BY MITCH HURST
According to the Centers for Disease Control, 136 people die every day from an opioid overdose. Roughly 21 to 29 percent of patients prescribed opioids for chronic pain misuse them.
At Northwestern Medicine, efforts have been made to reduce the number of opioids providers prescribe, while also offering safe disposal options for patients, particularly after surgeries.
Dr. Aaron Epstein, Vice Chair of the Department of Emergency Medicine at Northwestern Medicine Lake Forest Hospital, says the give-back programs are an important component of the ongoing battle against opioid addiction.

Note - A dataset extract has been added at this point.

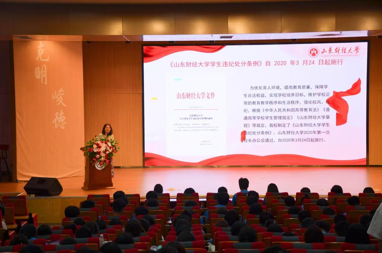 为使2024级新生尽快适应新的学习环境,管理科学与工程学院举办校规校纪学习教育讲座,2024级辅导员王桂月采用互动式教学方式,带领新生深入学习校规校纪。

“I’ve been working at Lake Forest Hospital in the emergency department for 18 years and almost daily we see the misuse or abuse of medications, especially opioid medications,” Epstein says. “We’ve made tremendous strides, but unfortunately a couple of hundred people die every day in this country senselessly from the overdose of opioids.”
Epstein says that while he has more tools available to him to help him determine if opioids are being abused—a state database tracks how often prescriptions are being refilled—the give-back is an opportunity to simply get more opioids out of cabinets and off streets where they shouldn’t be.

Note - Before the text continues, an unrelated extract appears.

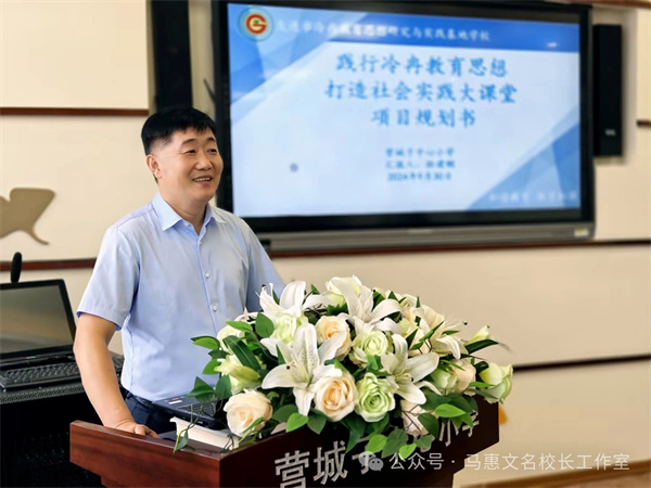 首先,营城子中心小学校园文化宣讲员们带领专家和校长们参观了学校的校园文化。随后,营城子中心小学校长孙建刚具体汇报了学校基于冷冉教育思想开展实践教育项目的研究经验。孙校长着重分享了营城子中心小学基于冷冉"德育过程阶段说",整合可利用的社会教育资源,根据学生在不同学习阶段的需求,分学段设计社会实践活动内容,构建并实施学校社会实践大课堂课程体系;探索社会实践大课堂有效实施的途径与方法;构建社会实践大课堂评价体系等做法。

“It’s a great amnesty day, if you will, of cleaning house—a fall cleanup. Even in my house. You have a little procedure, and you get 30 Norcos and you take one or two of them and the rest sit in a bottle for three years in my cabinet,” says Epstein. “It’s a great opportunity for even myself to clean house.”
Epstein says the give-back day also helps to reduce the chances that people will take the wrong medicine.

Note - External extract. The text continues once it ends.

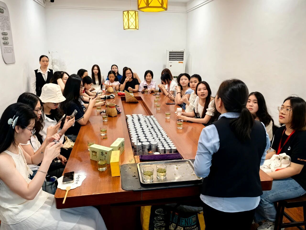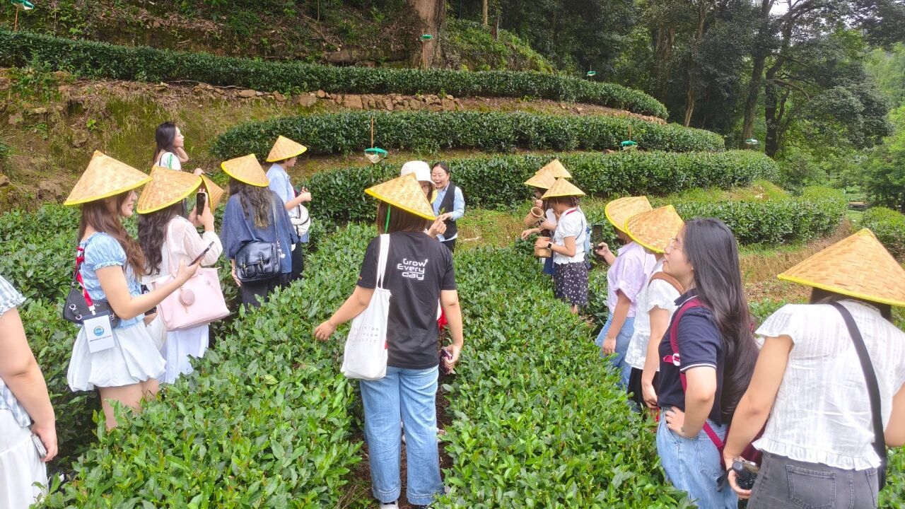 7月22日下午,师生们走进梅家坞茶村,在层层茶园中跟着采茶阿姨学习“一芽一叶”采摘。Nguyen Thuy Trang(阮水庄)捧着新炒茶叶深嗅:“这香气让我想起河内的莲花茶,但龙井的豆香更清爽!”夕阳下,中越师生围坐品茗,感受心与心民相通的温度。

“I’ve seen, especially in the elderly, where they think they’re taking their blood pressure medication and they accidentally take a Norco and all of a sudden Grandma’s not acting right,” he says.
The give-back day also reduces the chances that people will abuse drugs prescribed for others. Epstein says that particularly during the pandemic, depression and other mental illnesses emerged that prompted people to peruse the prescriptions cabinets of friends or family looking for a way to ease their mental anguish.
While a lot of the focus lately is on opioid medication, the give-back is applicable for any non-liquid medications (for safety reasons) and there are no questions asked. The idea is to get medications that aren’t being used or shouldn’t be used out of circulation.
“It’s a safe way of disposing dated medications. Some of these medications are found in our drinking water,” Epstein says. “It’s a safe way of prohibiting misuse or potential abuse of getting medications in the wrong hands.”
The give-back event at Northwestern Medicine Lake Forest Hospital will take place on Saturday, October 23, from 10 a.m. to 2 p.m. at the Bays Medical Building entrance, 900 North Westmoreland Road, in Lake Forest.